Pero otros días, cuando el poema llegaba como una brisa, o cuando un desconocido le agradecía por darle forma a su dolor…

Esa noche, después de recibir esa pregunta, Luis caminó solo a casa bajo la oscuridad. A su alrededor, Santiago zumbaba con sonidos lejanos. No se sentía famoso. Se sentía como un hombre que regresaba de algún lugar, sin estar seguro de dónde había estado.

Al llegar, abrió la ventana y dejó entrar la brisa. Encendió una vela. Sacó un cuaderno nuevo.

Y en la primera página, escribió:

Sigo siendo la habitación.

Pero ya no me siento vacío,

el viento trae nombres que no he perdido.

Luego cerró el cuaderno, sonrió y se sentó en el silencio.

No estaba curado. No estaba completo. Pero estaba listo para intentarlo.

Luis se rió.

Le había tomado tanto tiempo creer en la posibilidad. Tanto tiempo sentir que tenía derecho a salir de su país, no porque estuviera huyendo de algo, sino porque quería ver más del mundo.

Planearon un año en el extranjero, mitad inmersión lingüística, mitad alegre desenfreno. Museos y conferencias por las mañanas, pubs y poesía por las noches. Luis sabía que no sería fácil: su español era lírico, pero su inglés apenas alcanzaba a decir “hello” y “thank you”. Aun así, daba la bienvenida al desafío.
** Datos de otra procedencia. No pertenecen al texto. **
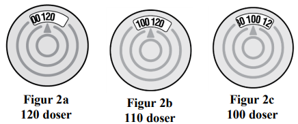 Pilen peker mellom 100 og 120 etter at du har tatt 10 doser til. Dette betyr at det er 110 doser legemiddel igjen i trykkbeholderen (se figur 2b).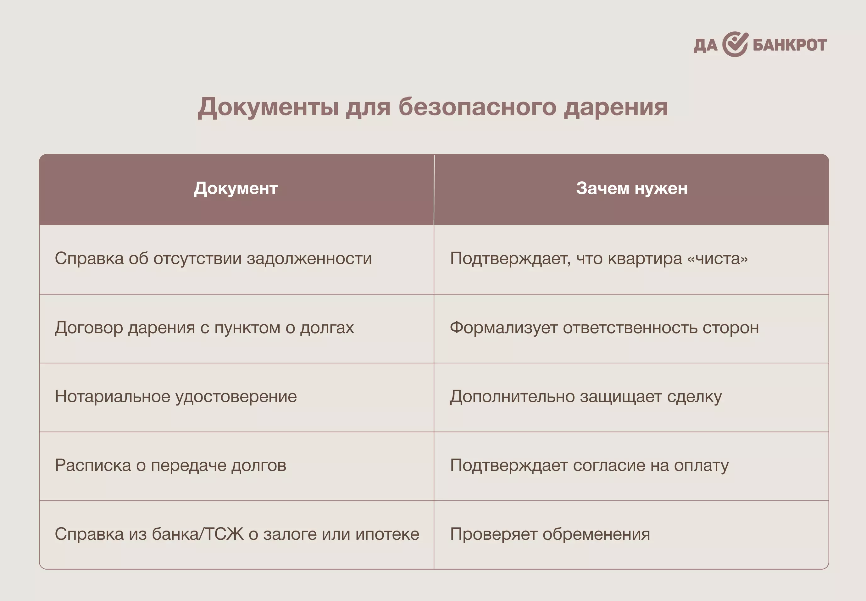 Самый безопасный способ — полностью закрыть долги заранее. Тогда квартира переходит к одаряемому без финансовых обременений.

—Algún día escribiré un libro en inglés —dijo una vez, y lo decía en serio.

Nicolás alzó su copa. —Por la locura, y los mapas.

Pero antes del viaje, algo aún más profundo cambió: Luis se convirtió en padre.

No biológicamente. Joaquín ya tenía diecisiete años, navegando los últimos años de la adolescencia con la testarudez silenciosa de alguien que había visto fallar a demasiados adultos. Necesitaba a alguien. Y ese alguien, de repente, fue Luis.

Luis no supo cómo actuar al principio.

No tenía práctica. No sabía si debía sermonear o bromear. Si debía hacer preguntas o dar espacio. Nunca había criado a un niño; algunos días apenas podía sostenerse a sí mismo.

Pero Joaquín se mudó al departamento en Santiago, y el vínculo comenzó lentamente. Al principio fue tambaleante, como un niño aprendiendo a andar en bicicleta.

Joaquín estaba metido en problemas cuando llegó a Luis, pero él estaba decidido a apoyarlo. Se vio reflejado en su hijo: un joven que estaba abrumado. Hizo lo mejor que pudo por ayudar, pero al principio, Joaquín era como un erizo, lleno de púas para protegerse.

—¿Estás bien? —le preguntó Luis una noche.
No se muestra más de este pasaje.